Why Is This Happening – Structural Explanations
- GDP Growth is Necessary but Not Sufficient
- India has maintained reasonable GDP growth over the decade, yet employment has declined.
- This reflects a lopsided growth model — one that boosts aggregate output without generating proportionate jobs.
- Economists argue that Indian policies are designed more to boost GDP than to create employment.
- Slowbalisation and Trade Insularity
- Slowbalisation refers to the slowing down of globalisation — a trend where the pace of global economic integration (trade, investment, migration, supply chains) is decelerating or even reversing, after decades of rapid expansion.

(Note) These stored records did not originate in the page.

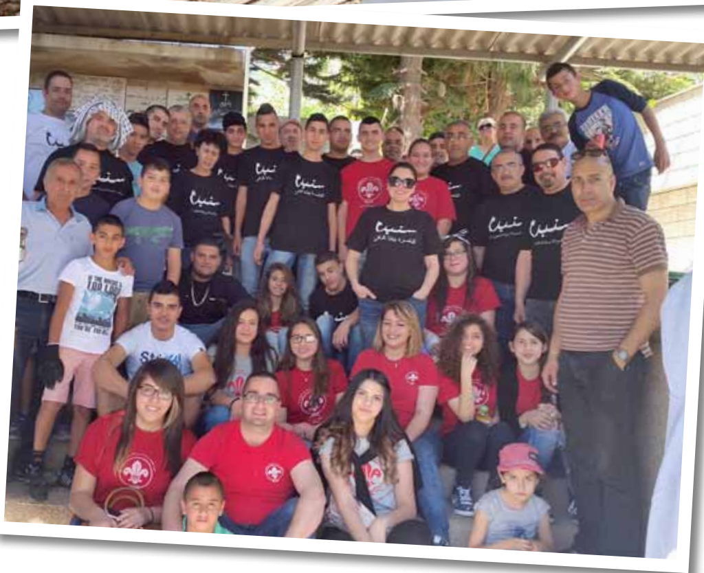
يوم عمل تطوعي في المدفن القديم، الأحد 17 نيسان 2016
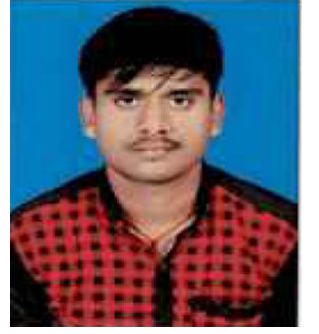
Photo & Specimen Signature of the Candidate
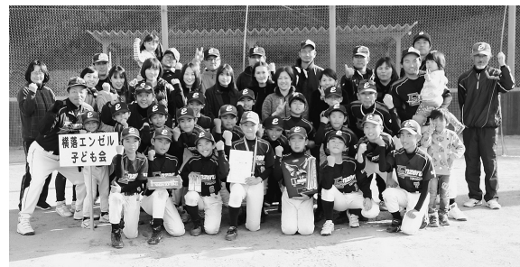
▲準優勝 横落エンゼル子ども会
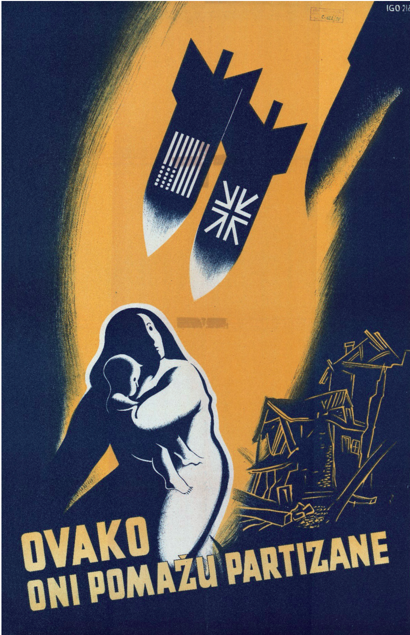
Slika 3 - Plakat.
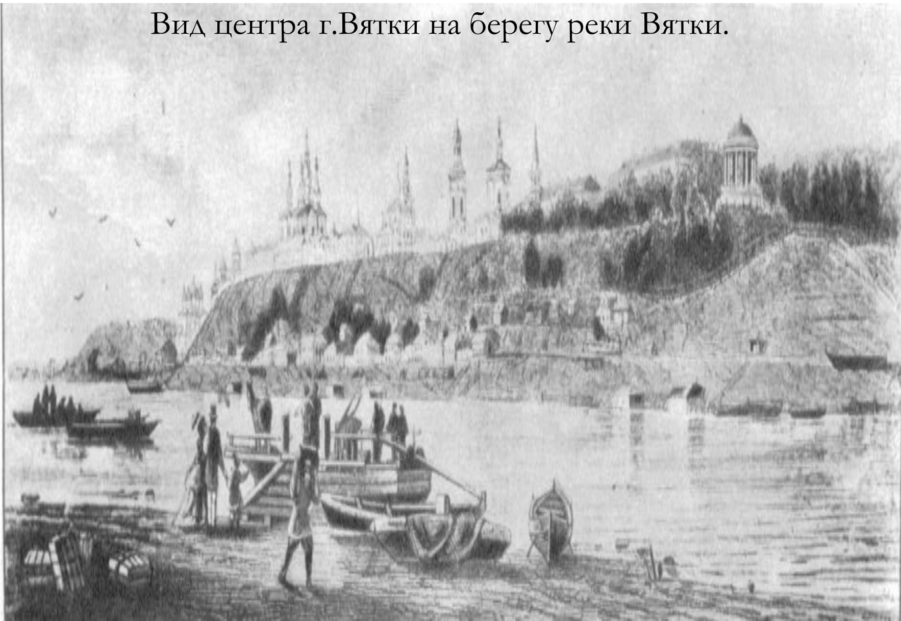
Вид центра г.Вятки на берегу реки Вятки.
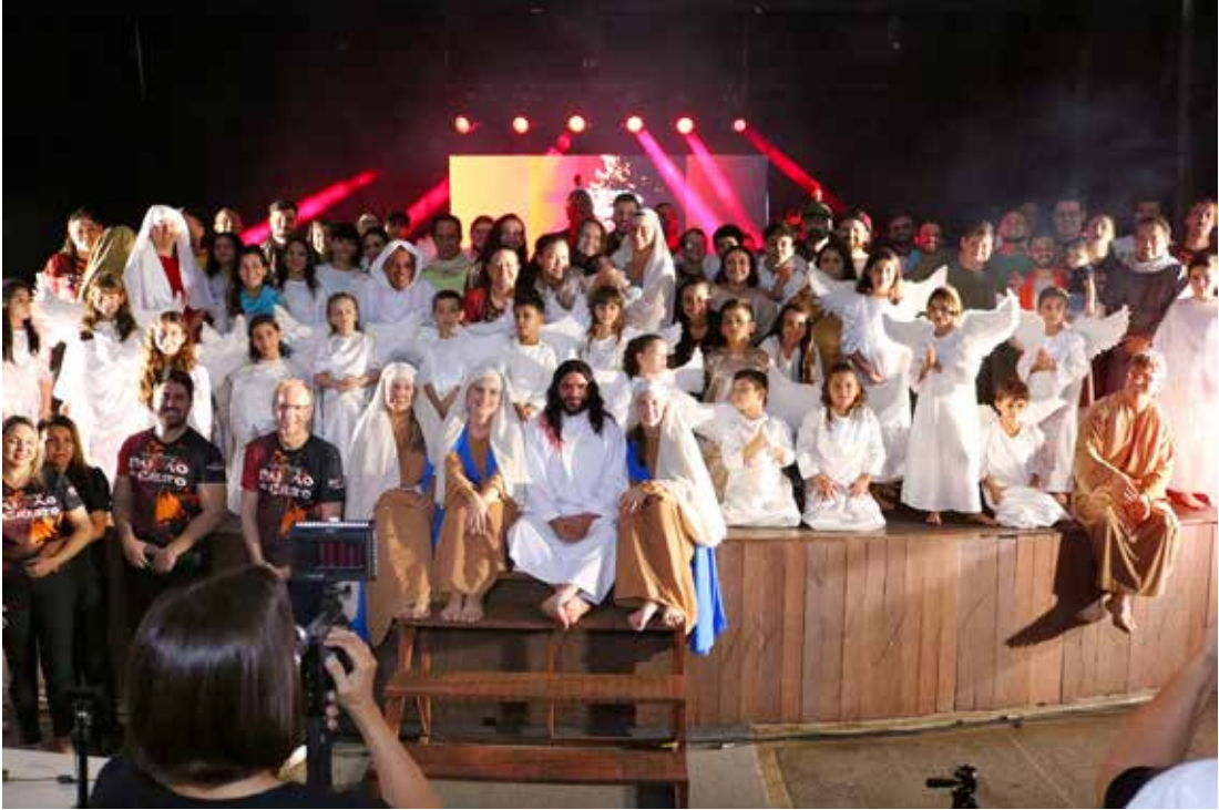
Com a apresentação do espetáculo Paixão de Cristo foram arrecadados 600 litros de leite, além de alimentos, que foram doados ao Fundo Social de Solidariedade

- A less open global trading environment — Brexit, Trump’s tariff policies, India’s own withdrawal from RCEP, rising import tariffs, and the “Swadeshi” growth model — reduces export-led job opportunities.
- Countries with large young populations like India need open trade to generate the volume of jobs required.
- The AI Threat
- Artificial Intelligence poses a growing threat to India’s labour market — particularly in services, IT, and routine white-collar work — potentially disrupting job creation in the very sectors where India has been competitive globally.
Conclusion
- India’s employment data tells a sobering story: more people, fewer jobs proportionally, across every gender, age, caste, religion, and education level. GDP growth without job-rich growth is not development — it is statistics masquerading as progress.
- For a country with the world’s largest youth population, converting the demographic dividend into dignified employment is not just an economic imperative — it is the defining governance challenge of our time.